Были и другие удивительные редкости. Я мог листать и изучать драгоценный альбом эпохи Генриха VIII «Девонширский манускрипт», принадлежавший сначала незаконному сыну короля Генри Фицрою, а после его смерти — его юной жене Мэри Говард, фрейлине несчастной королевы Анны Болейн.
На страницах альбома встречаются и стихи сэра Томаса Уайетта, лучшего поэта той эпохи, и пометки королевы, подписанные именем Анна (Án), одна из которых останавливает внимание — короткая бессмысленная песенка, последняя строка которой читается: «I ama yowres ап», то есть «Я — ваша.

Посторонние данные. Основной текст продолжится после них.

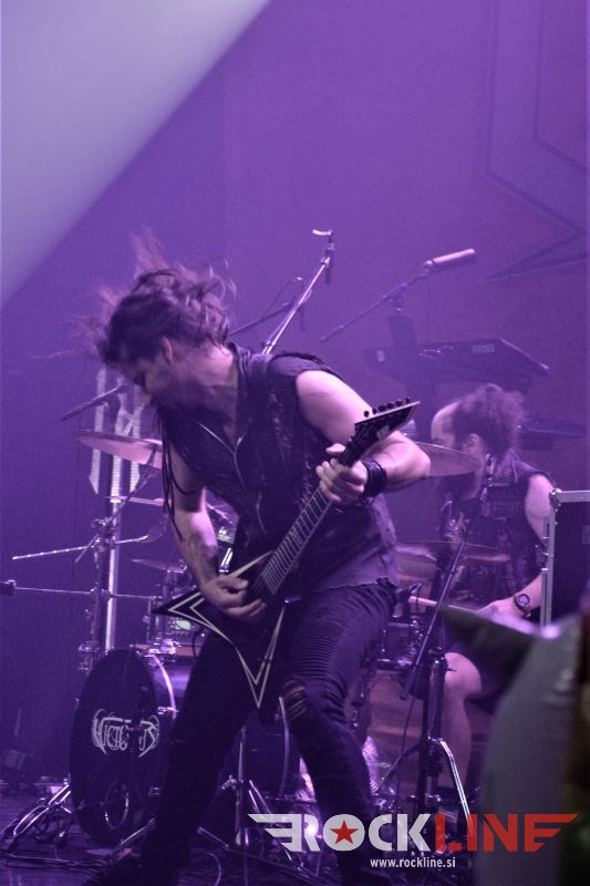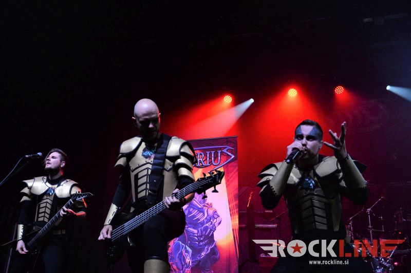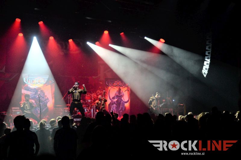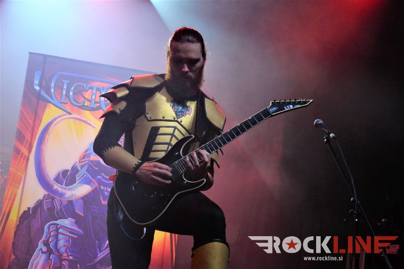 Za uvod so stopili na oder malo preko osme zvečer Nemci Victorius. Predstava prve predskupine pravzaprav opiše fenomen obrazložen v uvodnem odstavku te koncertne recenzije. Skupina, ki je še 28. 1. 2017 sramežljivo, brez sleherne odrske navlake, lišpa in kiča, s pozabljivim nastopom odprla koncert v graškem Explosivu pred Grave Digger, ter kazala znake postopne preobrazbe na istem prizorišču pred Warkings v pozni jeseni 2019, je v Ljubljani stopila na oder že popolnoma preobražena. V tem vmesnem obdobju, so postali nuklearni karate bojevniki, nekakšne superiorne vesoljne ninje, ki bi lahko prijateljevale tudi z Darwinom, sploh kar se tiče odkrivanja domnevno izumrlih linij dinozavrov ter ostalih prazgodovinskih bitij, vse tja do zmajev, ki jih po vesolju očitno mrgoli. Bend se v ‘oklepih’ po novem torej počuti znatno bolj samozavestno. Zelo poštudiran, profesionalno oddelan špil, ki je presenetil ne le po tem, da so fantje vse zelo dobro postorili in da so uigran in čvrst tim, pač pa zlasti po neverjetnem povratnem odzivu, ki je spominjal na čase, ko so Sabaton ‘kradli’ špile HammerFallom (nemara se še kdo spominja tiste HammerFall turneje 2009 in nastopa v Mariboru). Victorius so z vedrim razpoloženjem dodobra nakurili publiko, obenem pa je nastop potrdil, da baza privržencev raste, kajti publika je zelo dobro seznanjena z glasbeno vsebino skupine. Kot povedano, izjemno melodični, epski bombastični refreni, v glasbenem oziru že vse preizkušeno in slišano, se pa po drugi strani vesoljnemu ninja unikumu težko pač upiraš. Zelo uspel nastop. Po videnem gre pri Victorius upravičeno pričakovati, da bo njihova priljubljenost z leti še narasla. Nuklearni kvintet iz Dortmunda je posvetil glavnino pozornosti albumu »Dinosaur Warfare Pt. 2 – The Great Ninja War«, ki je izšel vsega dva dni po Victorius nastopu v Ljubljani.
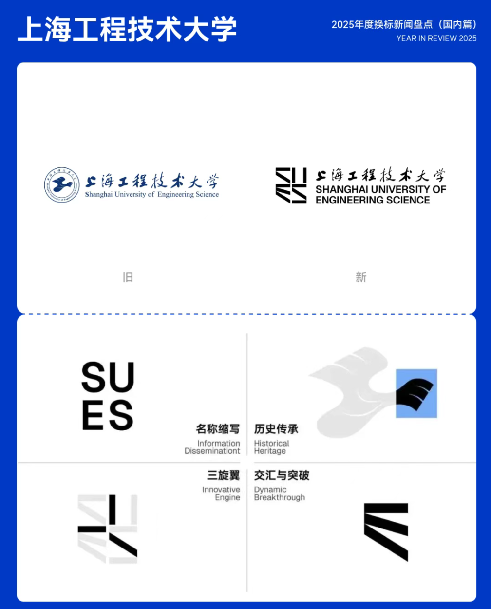 2025年10月23日,上海工程技术大学正式发布全新视觉识别系统。新LOGO突破传统设计范式,以开放姿态回应面向未来的发展方向,其核心元素为「一」既象征万物之始,也代表秩序、精确与力量。通过水平与倾斜线条的组合构成英文缩写「SUES」,整体呈现富有动感的视觉形态,体现学校持续突破的活力,以及开放、融合、进取的核心价值。12.上海工程技术大学

Анна». Эта строчка обретает смысл, если сопоставить ее с сонетом Томаса Уайетта («В те дни, когда радость правила моей ладьей»), записанным на другой странице того же альбома. Сонет заканчивается таким трехстишьем:
Недаром в книжице моей
Так записала госпожа:
«Я — ваша до скончанья дней».
По-английски здесь те же самые слова и даже буквы: «I am yowres». Разве мы не вправе увидеть тут вопрос и ответ, тайный знак, который сердце оставляет сердцу так, чтобы чужие не углядели, чтобы поняли только свои — те, кто способен понимать переклички и намеки. Для живущих в «золотой клетке» королевского двора такая предосторожность была вовсе не лишней. О том же говорят и стихи на первой странице альбома — песенка Уайетта:
Остерегись шпионских глаз,
Любить опасно напоказ,
Не ровен час, накроют нас,
Остерегись.
2
Но я не сидел с утра до ночи над ветхими хартиями. Розамунда Бартлетт, с которой мы подружились еще во время ее стажировки в России (впоследствии она написала прекрасные биографии Толстого и Чехова и сделала новый, блестящий перевод «Анны Карениной») пригласила меня в Мичиганский университет, где она тогда работала, прочесть лекцию о современной литературной ситуации в России. Все прошло хорошо, публика не соскучилась, порой даже понимающе подхихикивала. Например, когда я сострил насчет толстых литературных журналов, которым в новой России не пришлось даже менять названий: «Знамя» только сменило цвета, и «Октябрь» остался «Октябрем», но уже не как не символ революции, а просто как «пора плодоношенья и дождей» («season of mists and mellow fruitfulness…» — Китс).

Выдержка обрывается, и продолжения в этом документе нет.